In contrast, the future test looks only at the taxable supplies in the next 30 days.
If the registration limit is expected to be exceeded in the following 30 days alone, then HMRC must be notified before that 30 day period expires.
The business will be registered and VAT charged from the date that the business was aware that its taxable supplies were going to exceed the registration threshold within the 30 day period.
Where a business fails to register for VAT, the failure to notify penalty regime will apply.
The penalty charged is a % of the VAT due from the date that the business should have registered for VAT.
The % will depend on the type of behaviour resulting in the penalty, with a non-deliberate failure attracting a maximum penalty of 30%, while a deliberate and concealed failure could attract a penalty of up to 100% of the VAT due.
This % can be reduced where a disclosure is made to HMRC.
Flat Rate Scheme
An eligible VAT registered business may opt to join the Flat Rate Scheme.
The scheme enables the registered business to calculate its VAT liability as a flat rate percentage of total turnover (inc VAT) and so avoids the need to keep detailed records of input tax and output tax.

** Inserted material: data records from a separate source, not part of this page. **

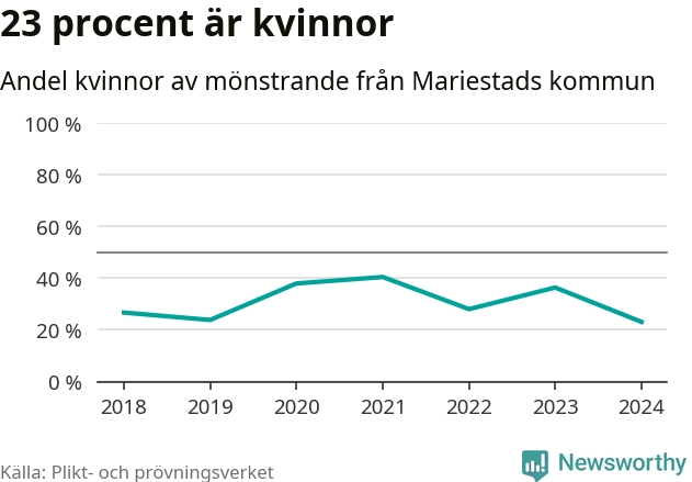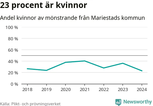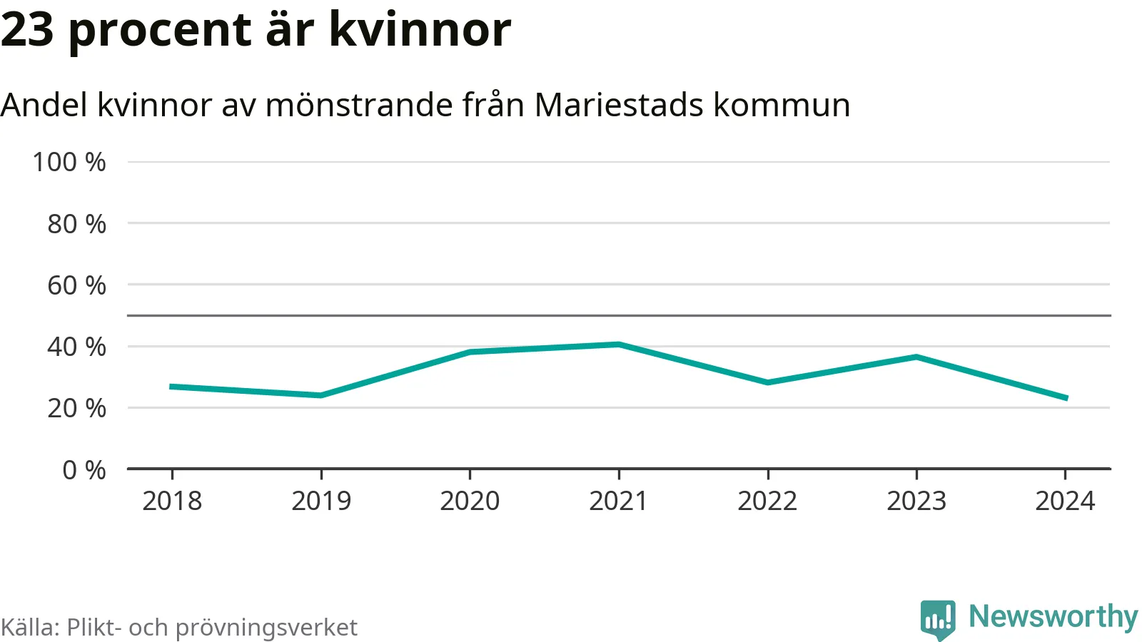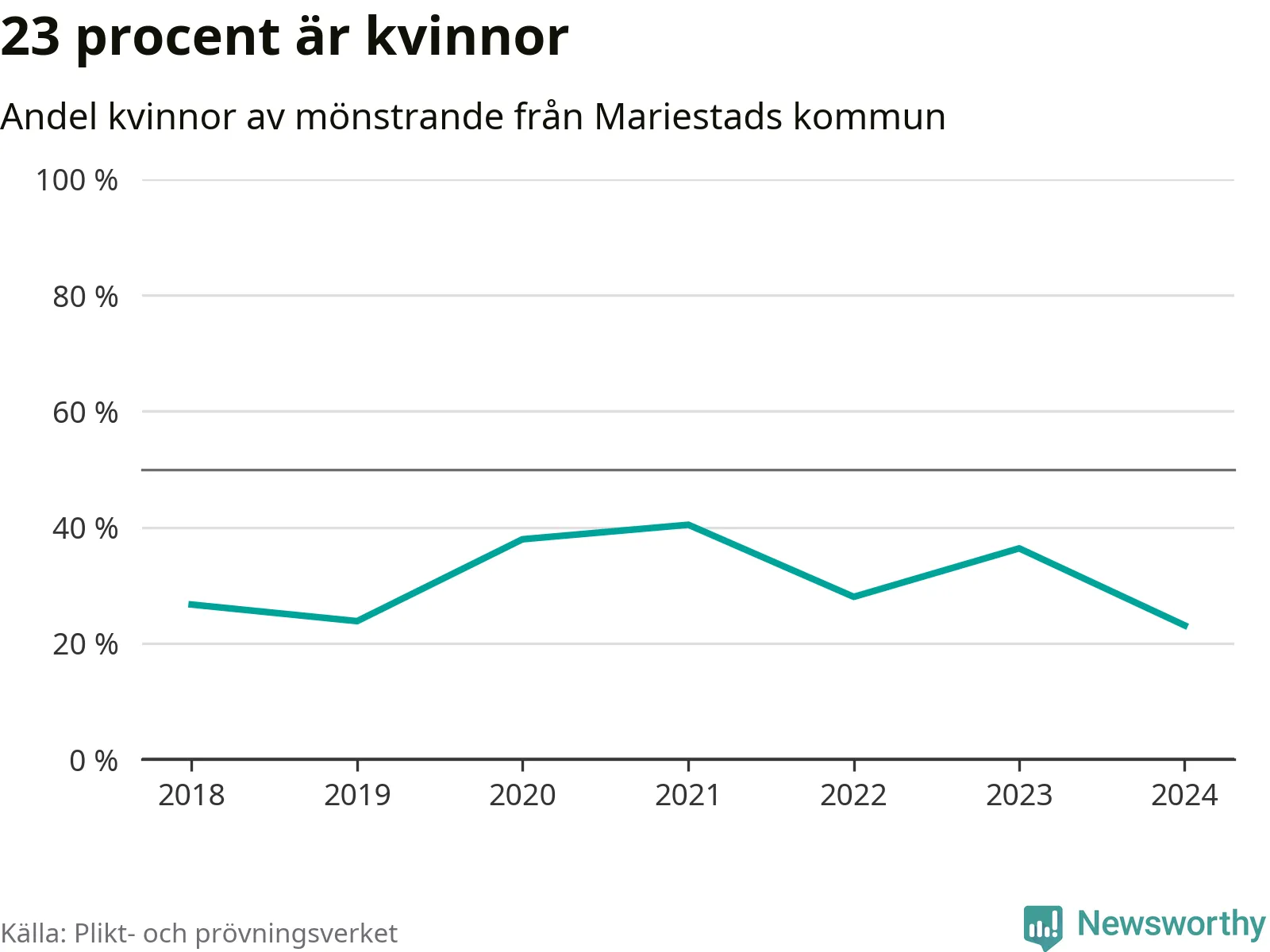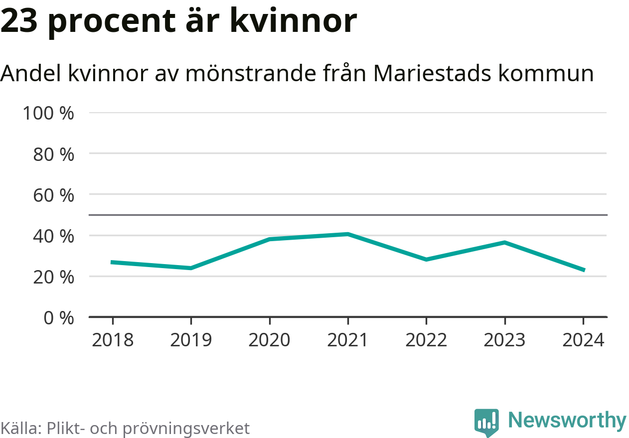 Av de som skrivits in till någon av Försvarmaktens grundutbildningar det senaste året, från juni 2023 till mars i år, kommer tolv (tio män och två kvinnor) från Mariestad. Elva av dessa antogs efter att ha kallats till mönstring.
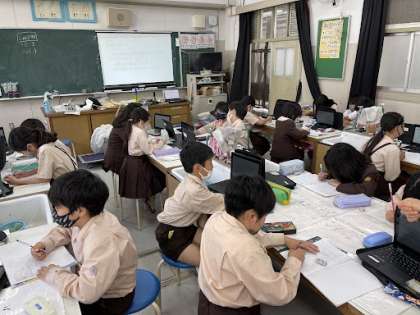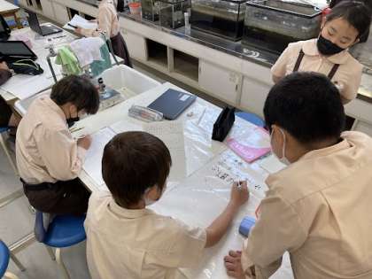 四年生の理科では、「地面を流れる水と地面のかたむきの関係」について、実験の方法を班で話し合っています。たくさんの意見や考えを出し合ってね!
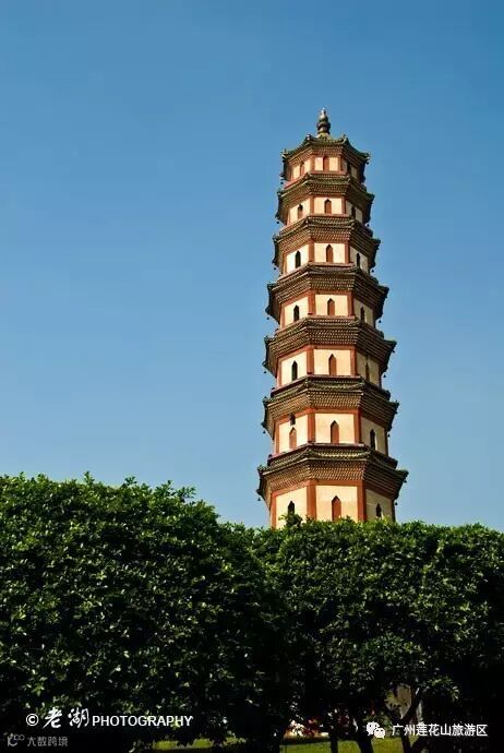 进入莲花山,首先引入眼帘的是被喻为“省会华表”的莲花塔。莲花山高约50米,建在莲花山顶,于1612年修建。明万历四十年,番禺举人李惟凤等建塔,原名“文禺塔”。因莲花山多砺石,又名"石砺塔"。又因其东西山坡有一块天然狮形岩石,故又称"狮子塔"。莲花塔属楼阁式砖塔,平面八角形,外观9层,内连暗层共11层。站在莲花塔上,天气晴好,可以看见珠江入海口,远望林则徐硝烟的虎门。 1785年,英国画家托马斯·丹尼尔来过莲花山,曾专门画了一幅《莲花塔和莲花山城》,至今被收藏在香港。
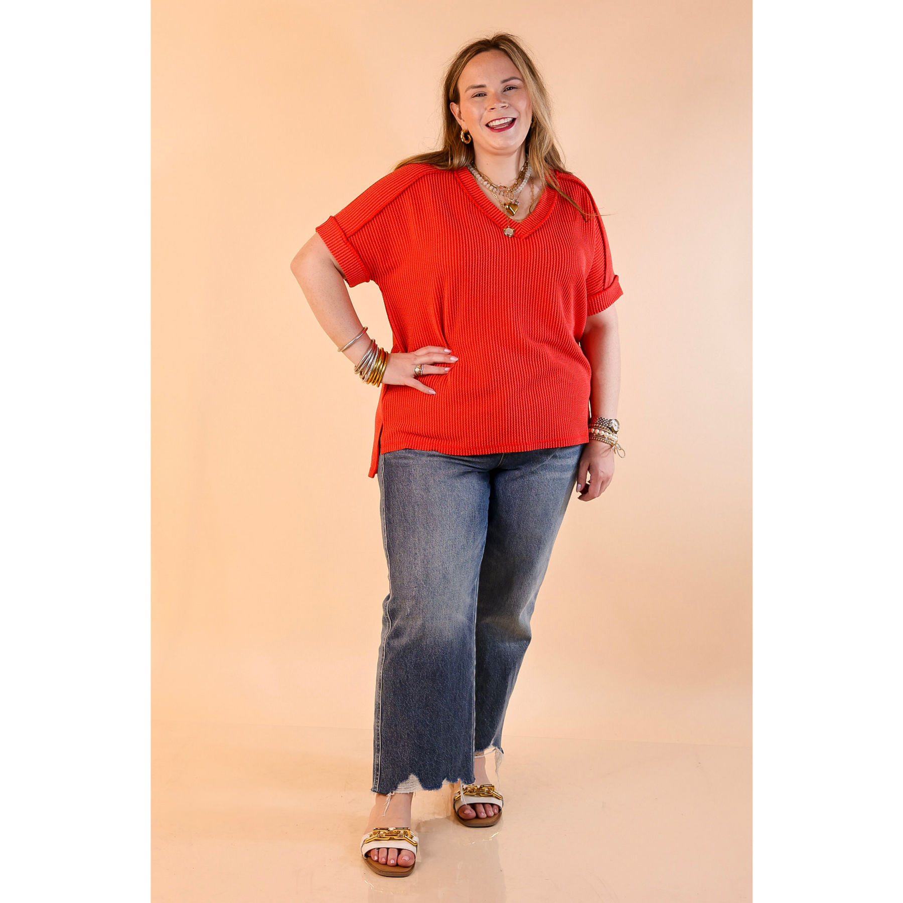 Daily Perfection Short Sleeve V Neck Top in Tomato Red
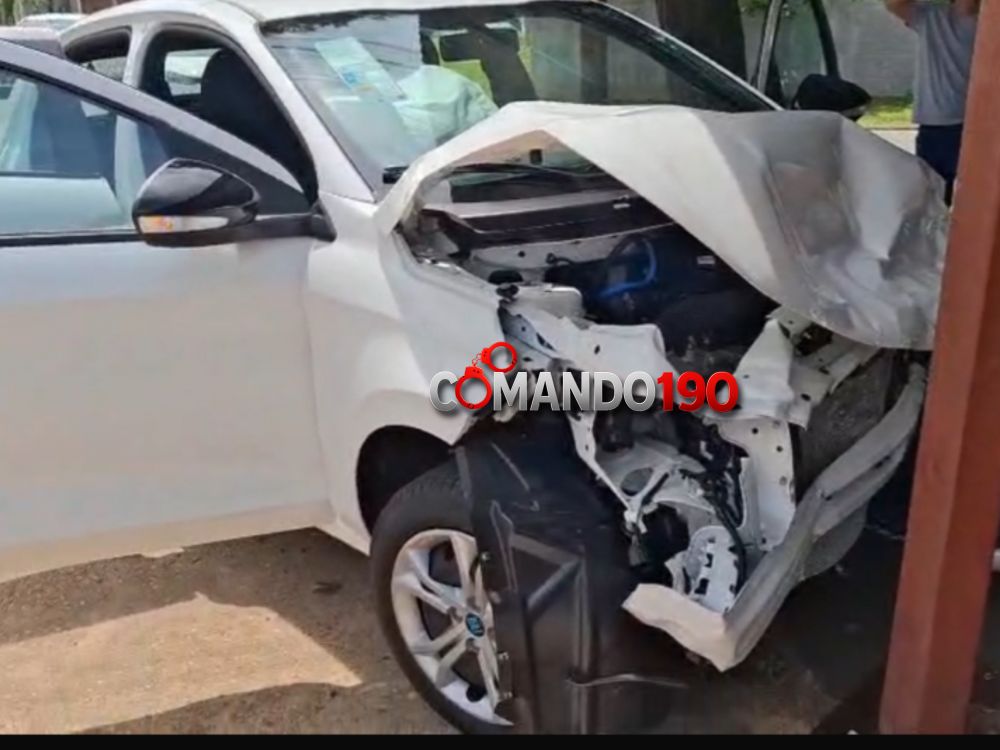 Com o forte impacto, o Fiat Argo saiu da pista, subiu a calçada e colidiu violentamente contra o pilar de um estabelecimento comercial situado na esquina. A violência da batida foi tão intensa que provocou o acionamento dos airbags de ambos os veículos envolvidos.

The Flat Rate Scheme operates by the company charging output tax as normal, but the output tax charged to customers is not paid over to HMRC and instead a ‘flat rate percentage’ is applied to the VAT inclusive turnover for that period. The business keeps the difference between what is charged to clients and what is paid to HMRC, which accounts for the fact that input VAT cannot be reclaimed (except for certain capital assets exceeding £2,000).
The applicable flat rate percentages range from 2% to 13.5% depending on the trade sector in which the business operates. A full list of the percentages can be found here.
A business can register under the Flat Rate Scheme provided taxable supplies are £150,000 or less, and must leave the scheme if taxable supplies exceed £230,000.
In the recent case of I & S Ward Roofing and Cladding v HMRC, it was held that the contractors were subject to penalties totalling almost £2,000 as they failed to register for VAT, despite the failure resulting from bad advice.
I & S Ward Roofing and Cladding traded as industrial roofing and cladding contractors as a partnership.
After the partnership completed a questionnaire with respect to their turnover, HMRC discovered that they should have been registered for the following periods:
- 1 February 2008 – 31 October 2009
- 1 January 2010 – 28 February 2011
- 1 November 2011 – 30 November 2012
- 1 April 2013 – 31 May 2013
As the first two periods were prior to the new penalty regime being introduced, ‘belated notification penalties’ were issued. For the remaining periods, penalties for Failure to Notify were issued.
The partnership accepted HMRC’s right to charge I & S Ward, however they requested leniency on the basis that the punishment was too severe. It was argued that the taxable turnover was increased by the following bad advice provided to the taxpayers:
a) to trade as a partnership rather than operating as two individuals; and
b) the accounts had been prepared by their advisors on the basis that their turnover included materials purchased on behalf of customers. This should have been separately identified and excluded from turnover.
Furthermore, the previous advisors failed to recognise that the partnership was trading above the VAT threshold.
The partnership also argued that HMRC had failed to point out the benefits available through the VAT flat rate scheme at the time that they set up their partnership Unique Taxpayer Reference.
The partnership’s failure to register for VAT was therefore as a result of poor advice from both HMRC and their advisors.
HMRC contended that reliance upon a third party is specifically excluded as a reasonable excuse for failing to register, and therefore the penalties are correct.
The Tribunal held that HMRC correctly identified the periods in which the business traded above the VAT threshold and were therefore required to register.
While the court accepted that the appellants had clearly received poor advised, it was held that as ignorance of the law and reliance upon a third party is not a reasonable excuse and the penalties were correctly issued.